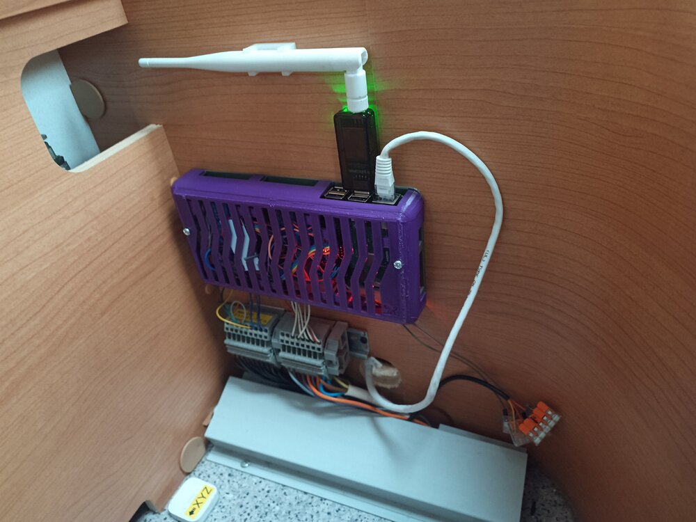 Da er jeg i boks med fjernstyring av Alde 3000 vannbåren varme og fjernstyring av stigetrinn i bobilen. Kabler var greie å komme til. I boksen er en RPi 3B+ og 2x4 rele som styres av Node-RED med Node-RED Dashboard som brukergrensesnitt. Som en bonus fikk jeg også med meg zigbee2mqtt, Mosquitto og en G-sensor som forteller meg om bilen står beint. Det hele plassert i custom designet 3D printet boks:4 poeng
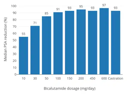 Whereas testosterone is the major circulating androgen, DHT is the major androgen in the prostate gland.[56] DHT levels in circulation are relatively low and only approximately 10% of those of circulating testosterone levels.[56] Conversely, local concentrations of DHT in the prostate gland are 8- to 10-fold higher than circulating levels of DHT.[57][30] This is due to high expression of 5α-reductase in the prostate gland, which very efficiently catalyzes the formation of DHT from testosterone[57] such that over 90% of intraprostatic testosterone is converted into DHT.[58][59] Relative to testosterone, DHT is 2.5- to 10-fold as potent as an AR agonist in bioassays, and hence, is a much stronger androgen in comparison.[60] As such, AR signaling is exceptionally high in the prostate gland, and the effectiveness of bicalutamide monotherapy in the treatment of prostate cancer, which is roughly equivalent to that of gonadotropin-releasing hormone analogues (GnRH analogues),[61][47][62][63] demonstrates a capacity of bicalutamide to strongly antagonize the AR. On the other hand, GnRH analogue monotherapy achieves only a 50 to 60% reduction in levels of DHT in the prostate gland,[24][64] and combined androgen blockade (CAB), the combination of surgical castration or a GnRH analogue and bicalutamide, is significantly more effective than either modality alone in the treatment of prostate cancer.[21][65] Bicalutamide monotherapy has been found to decrease circulating levels of prostate-specific antigen (PSA), a marker of prostate cancer growth, by 57% at 10 mg/day, 73% at 30 mg/day, 90% at 50 mg/day, 97% at 100 mg/day, and 97% at 150 mg/day, while a 97% reduction in PSA is observed with 50 mg/day bicalutamide as a part of CAB.[24] It has also been reported that bicalutamide monotherapy decreases median circulating levels of PSA at 3 months by 86.7% at 100 mg/day, 91.1% at 150 mg/day, and 93.8% at 200 mg/day (relative to 94–97% for castration).[55] Above a bicalutamide monotherapy dosage of 200 mg/day, up to 600 mg/day, decreases in PSA levels reach a plateau.[33][55] In a study of very-high-dose bicalutamide monotherapy, decreases in PSA levels after 12 weeks were approximately 93% with 300 mg/day, 96% with 450 mg/day, 96% with 600 mg/day, and 96% with castration.[66]
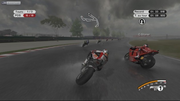 Le contenu de MotoGP 08 assure l'essentiel, à savoir la présence de toutes les écuries officielles des catégories 125cc, 250cc et MotoGP - Yamaha Tech 3, Ducati, Suzuki, Kawasaki par exemple -, des pilotes naturellement - Valentino Rossi, Casey Stoner, Dani Pedrosa, Marco Melandri, Loris Capirossi, Nicky Hayden pour les plus connus -, et des circuits répartis aux quatre coins de la planète. Pas de surprise donc, si ce n'est la possibilité de jeter un coup d'oeil aux classes inférieures nettement moins médiatisées, sauf lorsqu'un pilote français parvient à réaliser un miracle. Plus sérieusement, il est possible de mener sa propre carrière qui s'étale sur plusieurs saisons. Pour espérer goûter à la catégorie suprême, le newbie devra d'abord se faire les dents en 125 et en 250cc. Bien vu. Bien vu également les Points d'Evolution que l'on récolte à la fin de chaque course - à condition d'être bien placé au classement -, et qui permettent d'améliorer le rendement de sa bécane sur quatre points précis : vitesse max, freinage, accélération, direction. Hormis le mode Carrière, on peut aussi se lancer dans un Championnat on ne peut plus classique, ou bien tenter sa chance dans un Contre-La-Montre pour claquer quelques records. Sinon, les Défis sont là pour tenter de varier les plaisirs : il s'agira alors d'accomplir un certain nombre de tâches dans des conditions de course définies. Enfin, on ajoutera quelques syllabes sur l'ambiance sonore de MotoGP 08 qui est de bonne facture, surtout concernant le rugissement des moteurs qui change d'une catégorie à une autre. Ce qui permet de masquer les thèmes musicaux un brin répétitives.

### Aim of the task
Only the pictures are to be left out, and all of the data must otherwise be transcribed exactly.

### Answer
 Da er jeg i boks med fjernstyring av Alde 3000 vannbåren varme og fjernstyring av stigetrinn i bobilen. Kabler var greie å komme til. I boksen er en RPi 3B+ og 2x4 rele som styres av Node-RED med Node-RED Dashboard som brukergrensesnitt. Som en bonus fikk jeg også med meg zigbee2mqtt, Mosquitto og en G-sensor som forteller meg om bilen står beint. Det hele plassert i custom designet 3D printet boks:4 poeng
 Whereas testosterone is the major circulating androgen, DHT is the major androgen in the prostate gland.[56] DHT levels in circulation are relatively low and only approximately 10% of those of circulating testosterone levels.[56] Conversely, local concentrations of DHT in the prostate gland are 8- to 10-fold higher than circulating levels of DHT.[57][30] This is due to high expression of 5α-reductase in the prostate gland, which very efficiently catalyzes the formation of DHT from testosterone[57] such that over 90% of intraprostatic testosterone is converted into DHT.[58][59] Relative to testosterone, DHT is 2.5- to 10-fold as potent as an AR agonist in bioassays, and hence, is a much stronger androgen in comparison.[60] As such, AR signaling is exceptionally high in the prostate gland, and the effectiveness of bicalutamide monotherapy in the treatment of prostate cancer, which is roughly equivalent to that of gonadotropin-releasing hormone analogues (GnRH analogues),[61][47][62][63] demonstrates a capacity of bicalutamide to strongly antagonize the AR. On the other hand, GnRH analogue monotherapy achieves only a 50 to 60% reduction in levels of DHT in the prostate gland,[24][64] and combined androgen blockade (CAB), the combination of surgical castration or a GnRH analogue and bicalutamide, is significantly more effective than either modality alone in the treatment of prostate cancer.[21][65] Bicalutamide monotherapy has been found to decrease circulating levels of prostate-specific antigen (PSA), a marker of prostate cancer growth, by 57% at 10 mg/day, 73% at 30 mg/day, 90% at 50 mg/day, 97% at 100 mg/day, and 97% at 150 mg/day, while a 97% reduction in PSA is observed with 50 mg/day bicalutamide as a part of CAB.[24] It has also been reported that bicalutamide monotherapy decreases median circulating levels of PSA at 3 months by 86.7% at 100 mg/day, 91.1% at 150 mg/day, and 93.8% at 200 mg/day (relative to 94–97% for castration).[55] Above a bicalutamide monotherapy dosage of 200 mg/day, up to 600 mg/day, decreases in PSA levels reach a plateau.[33][55] In a study of very-high-dose bicalutamide monotherapy, decreases in PSA levels after 12 weeks were approximately 93% with 300 mg/day, 96% with 450 mg/day, 96% with 600 mg/day, and 96% with castration.[66]
 Le contenu de MotoGP 08 assure l'essentiel, à savoir la présence de toutes les écuries officielles des catégories 125cc, 250cc et MotoGP - Yamaha Tech 3, Ducati, Suzuki, Kawasaki par exemple -, des pilotes naturellement - Valentino Rossi, Casey Stoner, Dani Pedrosa, Marco Melandri, Loris Capirossi, Nicky Hayden pour les plus connus -, et des circuits répartis aux quatre coins de la planète. Pas de surprise donc, si ce n'est la possibilité de jeter un coup d'oeil aux classes inférieures nettement moins médiatisées, sauf lorsqu'un pilote français parvient à réaliser un miracle. Plus sérieusement, il est possible de mener sa propre carrière qui s'étale sur plusieurs saisons. Pour espérer goûter à la catégorie suprême, le newbie devra d'abord se faire les dents en 125 et en 250cc. Bien vu. Bien vu également les Points d'Evolution que l'on récolte à la fin de chaque course - à condition d'être bien placé au classement -, et qui permettent d'améliorer le rendement de sa bécane sur quatre points précis : vitesse max, freinage, accélération, direction. Hormis le mode Carrière, on peut aussi se lancer dans un Championnat on ne peut plus classique, ou bien tenter sa chance dans un Contre-La-Montre pour claquer quelques records. Sinon, les Défis sont là pour tenter de varier les plaisirs : il s'agira alors d'accomplir un certain nombre de tâches dans des conditions de course définies. Enfin, on ajoutera quelques syllabes sur l'ambiance sonore de MotoGP 08 qui est de bonne facture, surtout concernant le rugissement des moteurs qui change d'une catégorie à une autre. Ce qui permet de masquer les thèmes musicaux un brin répétitives.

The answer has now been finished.